Grant Taxing: to Dr.States
David J. States
states at ibc.wustl.edu
Wed Jan 3 13:54:43 EST 1996
Alex Berezin wrote:
> What are the CONSTRUCTIVE proposals from YOUR side ?
While the current system is imperfect, it has produced
remarkable results over many years. I would like to
see:
1) support for people and institutions - Institutions are
built on people and to my view are the primary vehicle through
which support for people as opposed to projects should be
channeled. But our academic insitutions are under real
stress and the future holds significant new challenges
(the increasingly litigious field of intellectual property,
competition from network based remote learning centers,
politicization of research funding, and a profound
anti-intellectual undercurrent to contemporary political
debate, increasing demands on charity for social services,
etc.). Strong and diverse support for academic institutions
needs to be fostered. Scientists must be active in
politics, broadly defined.
2) establish a biomedical research trust fund - the health
care and biotechnology industry depends on basic biomedical
science, but for good economic reasons it may not make sense
for a private company to devote resources to basic research
that will not payoff for many years or may even benefit
competitors as much as the company itself.

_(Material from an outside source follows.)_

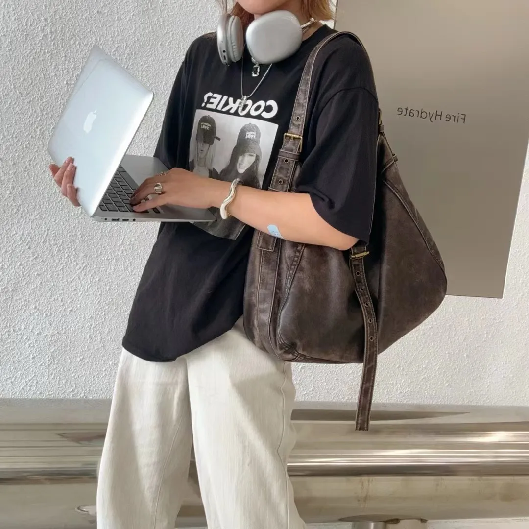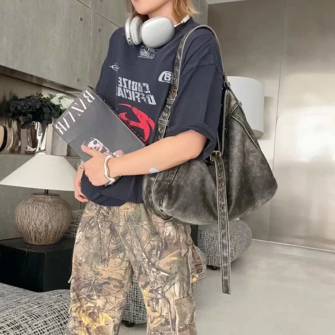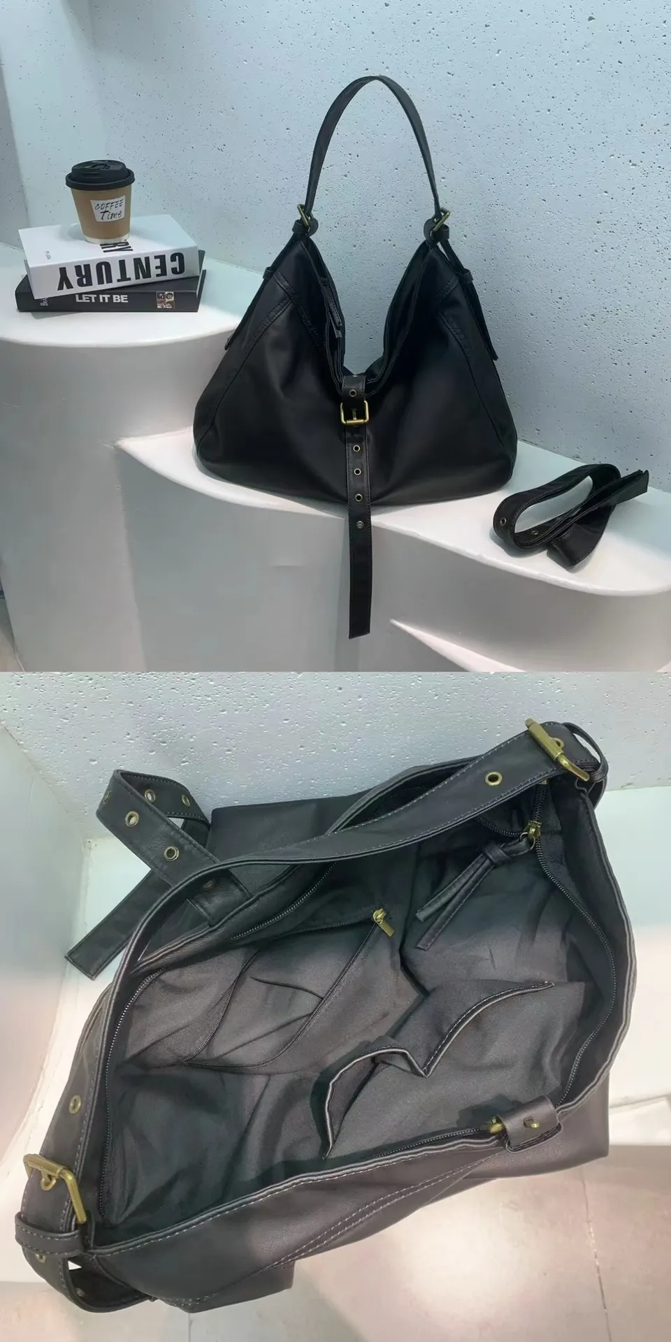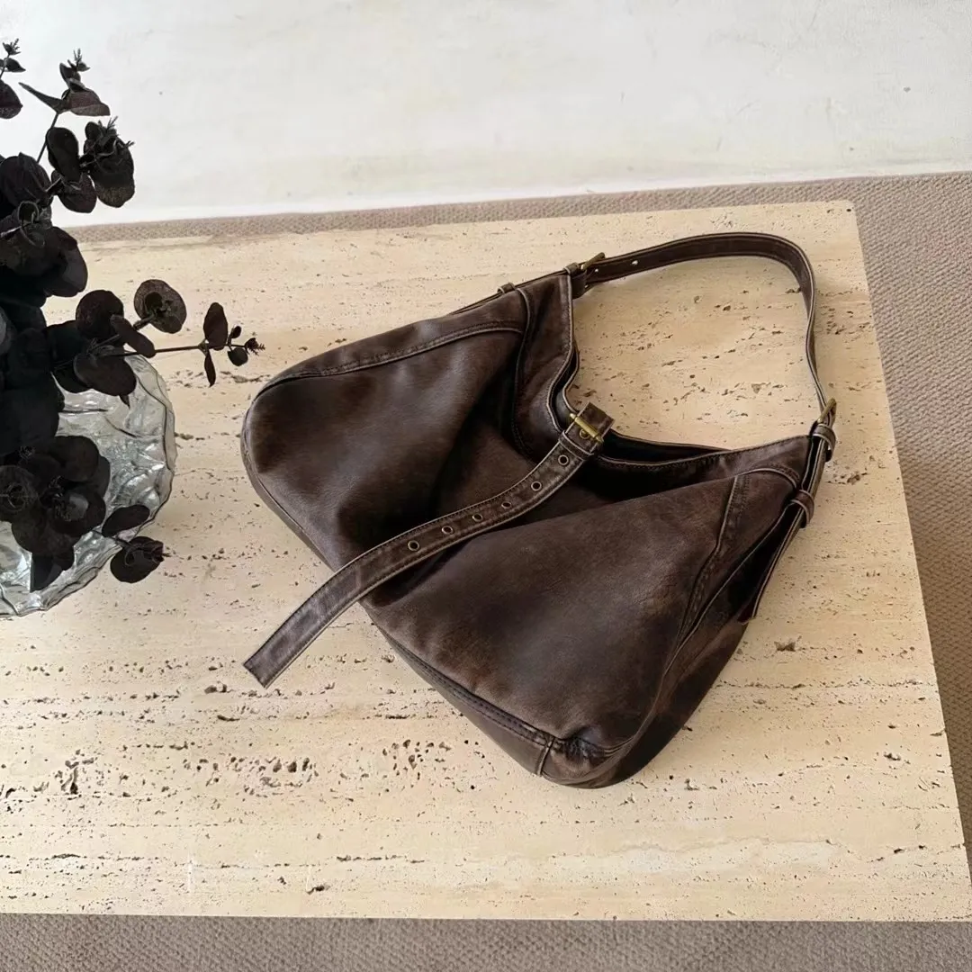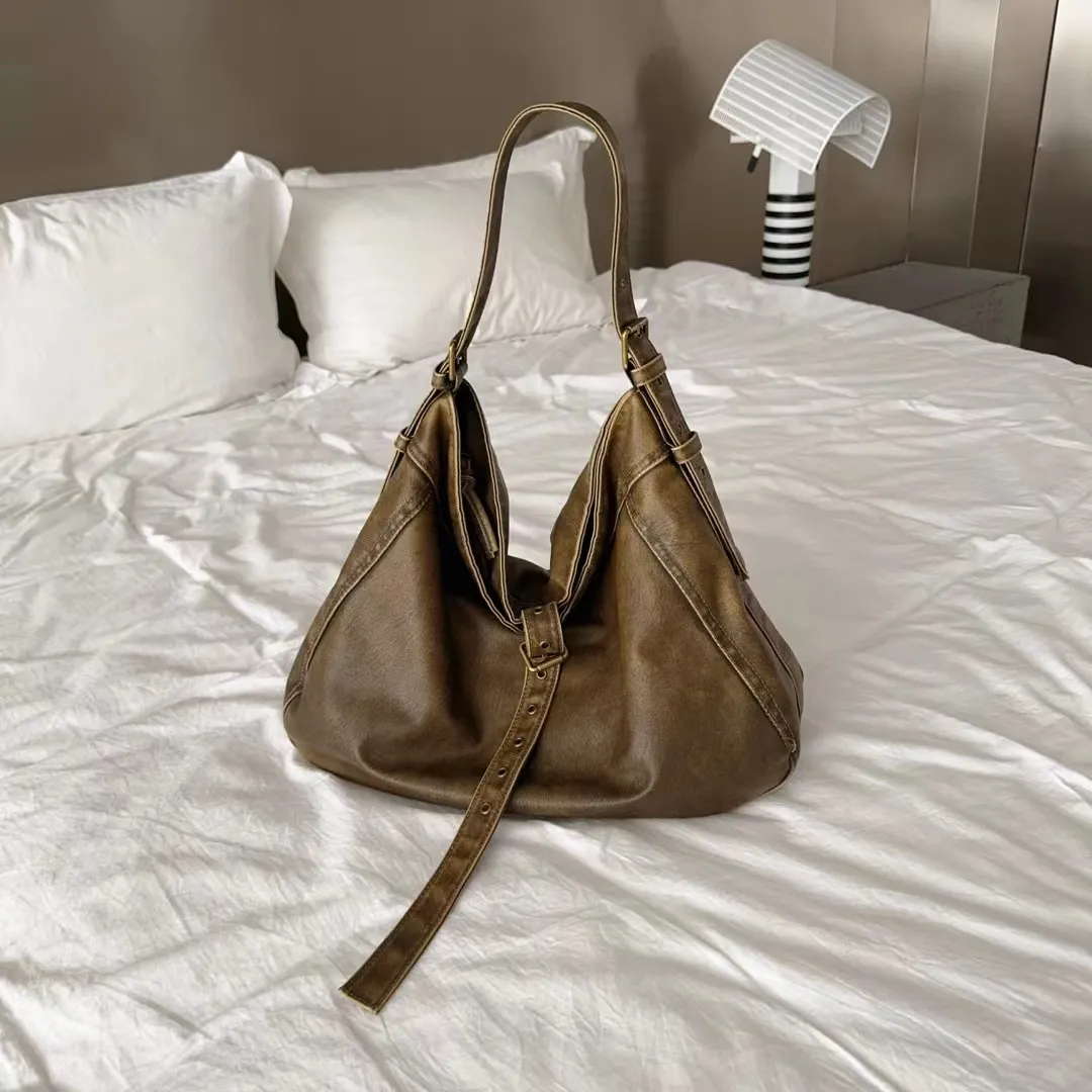Casual Large Capacity Shoulder Crossbody Belt Buckle Underarm Tote Bag

Just as our
national highway system is maintained and extended by a tax
on gasoline paid by all drivers, our biomedical research
infrastructure should be supported by an assessment on all
health care expenditures that is insulated from the vagaries
and fluctuations of day to day politics.
3) move to earlier decisions on career development - we are
abusing young scientists by insisting on an extended doctorate
followed by one or more postdoc positions before considering
them for a tenure track position. It is unreasonable to expect
professionals to subsist at poverty wages and to delay marriage
and family until their mid or late thirties. Better to make
the hard decisions early while there is still time to develop
alternative careers.
Competitve peer review of research funding remains a corner
stone of science policy, and I would not change that.